Distress call: Why lower oil prices can’t rescue struggling SIA
Overcapacity remains the main overhang.
Lower oil prices might not be able to save SIA’s struggling bottom line in the upcoming quarters. Analysts note that while the national carrier could get substantial savings from lower oil prices, regional overcapacity remains the main overhang on its operations.
According to OCBC, intense competition will keep SIA’s margins under pressure while demand is likely to remain muted in Southeast Asia.
“Although we expect to see lower oil prices to improve profitability in 3QFY15, we think the extent on savings will be limited as SIA is already 65.3% hedged for 2HFY15,” stated OCBC.

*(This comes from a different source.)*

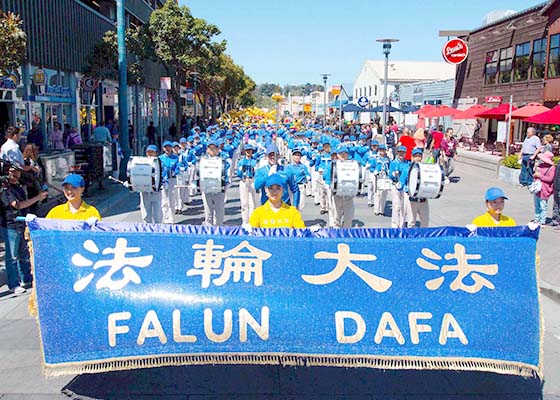五月十二日,美国旧金山法轮功学员在渔人码头旅游景点游行,恭祝师父华诞,庆祝“世界法轮大法日”,传递真、善、忍的美好。

Meanwhile, CIMB warns that SIA’s weakness will continue due to a confluence of factors, such as the weak rupiah which will crimp travel demand in Indonesia, the rapid expansion of low-cost carriers in other ASEAN markets, and the expansion of the Middle East hubs at the expense of the Singapore hub.

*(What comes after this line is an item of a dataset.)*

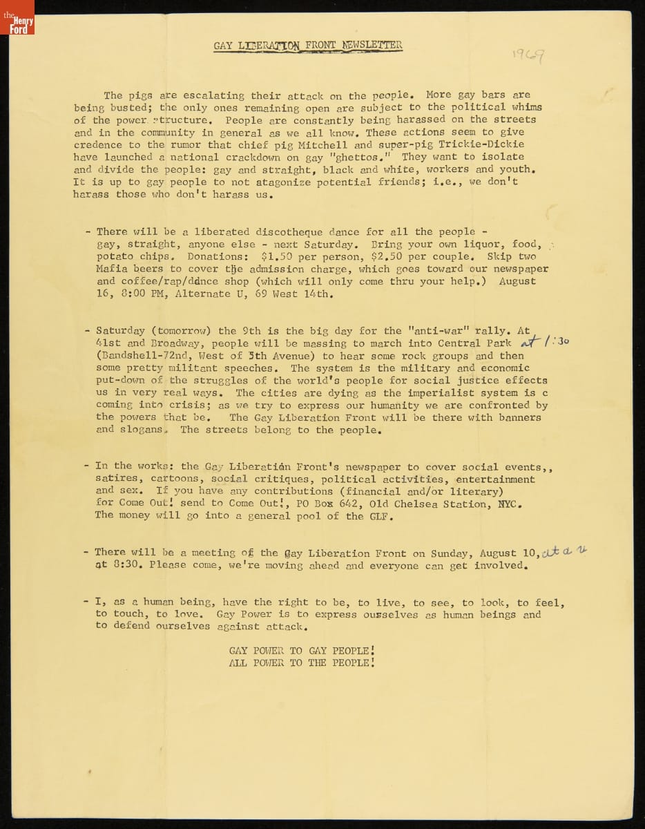 On June 28, 1969, New York police raided the Stonewall Inn--a gay club in Greenwich Village--and harassed, arrested, and maltreated its LGBTQ+ patrons. Police raids on LGBTQ+ bars were common, but this particular raid sparked a movement. These fliers evidence the fraught months following the Stonewall Uprising and the efforts of gay rights groups to organize and fight for equality.

“The saving grace is lower jet fuel price. The SIA group of airlines consume ~37m barrels of jet fuel annually, and a US$25/barrel reduction will contribute more than S$1.2bn in cost reduction, substantial against our FY03/16 core net profit forecast of S$601m. The question is whether competitors will price down as oil prices fall. Another saving grace is political calm returning to Thailand, and Chinese discretionary travel to ASEAN eventually coming back,” noted CIMB.